Но теперь предстояла другая цель – бить матерого зверя, этих псов – немчуру, которых в январе 44-го уже выбили из-под Ленинграда, а весною – с Правобережной Украины, из Одессы и Крыма.
Наш земляк попал в пекло боев в Белоруссии. И первый бой, где рядовой Сухоногов без устали строчил из своего станкового пулемета по огрызающемуся врагу, был за столицу Белоруссии – Минск. А потом их особая рота зачищала тылы. От оставшихся диверсантов, полицаев и прочей нечисти, затаившейся по углам.
Старый солдат и теперь не может без волнения вспомнить о том, каким предстал перед их глазами этот некогда красавец-город. Весь он лежал в руинах. Его центральная часть и привокзальная площадь были разрушены до основания. Страшную картину представляли собой деревни: там и сям – одни пепелища, только печи торчали. Так каратели расправлялись с мирным населением за малейшие подозрения в связи с партизанами. Летом 44-го, уходя с занятых территорий, уничтожали весь будущий урожай, прикатывая намертво специальными катками уже шумевшие колосом посевы.
А людские жертвы, они были просто неисчислимы. Сколько рвов обнаружили, где лежали трупы расстрелянных, – и мужчины, и женщины, и подростки, и дети малые. Да какое же сердце после этих картин не горело священной местью!
Второе большое сражение было за Вильнюс, кровопролитные бои за который длились пять суток, пока город сумели взять. Но вот пройти победным маршем по литовской столице нашему земляку не посчастливилось. В одной из атак на подступах к городу его тяжело контузило. Не знает, кто и как вынес его с поля боя, жив ли нет остался «второй номер» их станкового расчета. Пришел в себя только в госпитале, в городе Минске, куда был доставлен санитарным эшелоном вместе с другими ранеными. И потянулись долгие месяцы лечения.

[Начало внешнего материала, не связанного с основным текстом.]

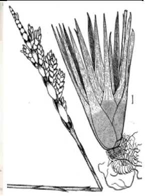
Racinaea rothschuhiana. Inflorescence slender, lateral branches short, flowers crowded.

Не думал не гадал боец, что эти белорусские дни будут иметь свое продолжение. Что именно из этих мест судьба пошлет ему вторую половинку. И он побывает здесь еще не раз уже в качестве гостя.
Но это произойдет через много лет.
А тогда, после госпиталя и временной службы в батальоне выздоравливающих, выпало ему следовать совсем не туда, куда катилось огненное колесо войны, на Берлин, к фашистскому логову, а совсем в противопожарную сторону, на Дальний Восток. В составе 711 стрелкового полка 305 стрелковой дивизии.
Там, на Дальнем Востоке, назревал конфликт с милитаристской Японией, давно алчущей отхватить Приморье. И 9 августа начались военные действия.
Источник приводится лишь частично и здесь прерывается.